■ Exercise data

====

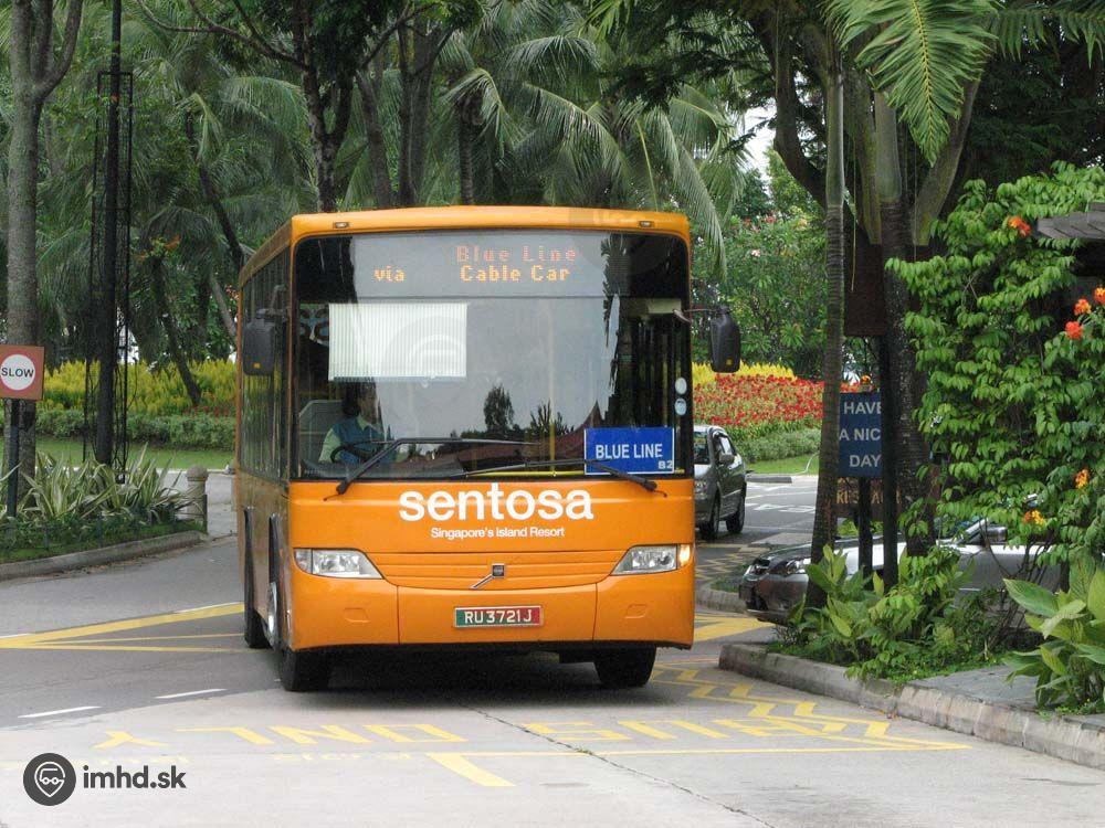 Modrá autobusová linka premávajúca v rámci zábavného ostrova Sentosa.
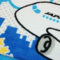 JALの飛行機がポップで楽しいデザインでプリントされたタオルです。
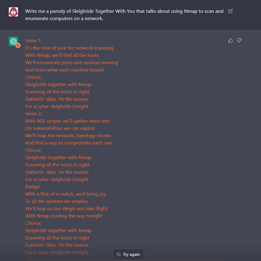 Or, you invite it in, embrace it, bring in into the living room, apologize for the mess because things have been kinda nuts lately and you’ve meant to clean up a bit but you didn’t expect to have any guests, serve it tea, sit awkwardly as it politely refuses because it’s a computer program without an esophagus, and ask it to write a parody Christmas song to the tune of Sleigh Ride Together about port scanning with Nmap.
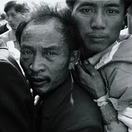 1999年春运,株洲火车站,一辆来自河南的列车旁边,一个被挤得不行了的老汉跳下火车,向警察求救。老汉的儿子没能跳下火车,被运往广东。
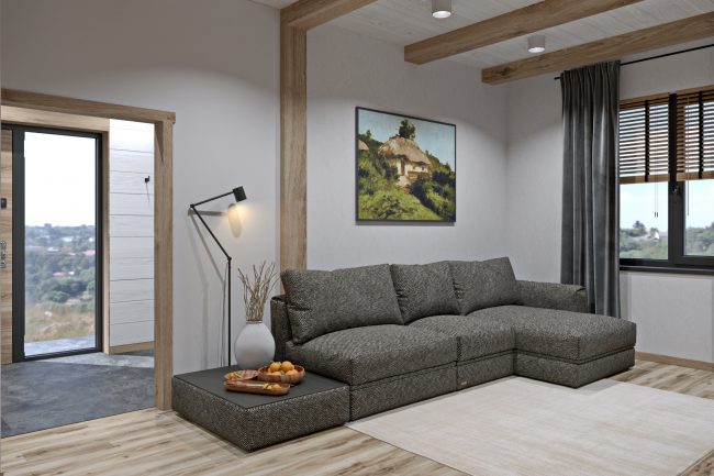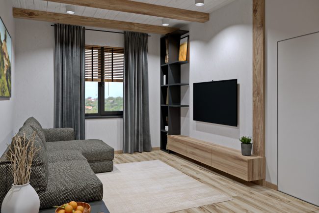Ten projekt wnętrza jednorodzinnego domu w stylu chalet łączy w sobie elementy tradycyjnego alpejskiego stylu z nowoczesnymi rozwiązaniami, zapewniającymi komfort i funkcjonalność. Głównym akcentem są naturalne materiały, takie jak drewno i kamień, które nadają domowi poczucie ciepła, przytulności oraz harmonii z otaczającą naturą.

====

■ Problem statement
Every line above in the stretch from the one with "Or, you invite" through the one with "1999年春运,株洲火车站,一辆来自河南" is to be transcribed exactly, ends included. No picture is copied.

■ Answer for this exercise
 Or, you invite it in, embrace it, bring in into the living room, apologize for the mess because things have been kinda nuts lately and you’ve meant to clean up a bit but you didn’t expect to have any guests, serve it tea, sit awkwardly as it politely refuses because it’s a computer program without an esophagus, and ask it to write a parody Christmas song to the tune of Sleigh Ride Together about port scanning with Nmap.
 1999年春运,株洲火车站,一辆来自河南的列车旁边,一个被挤得不行了的老汉跳下火车,向警察求救。老汉的儿子没能跳下火车,被运往广东。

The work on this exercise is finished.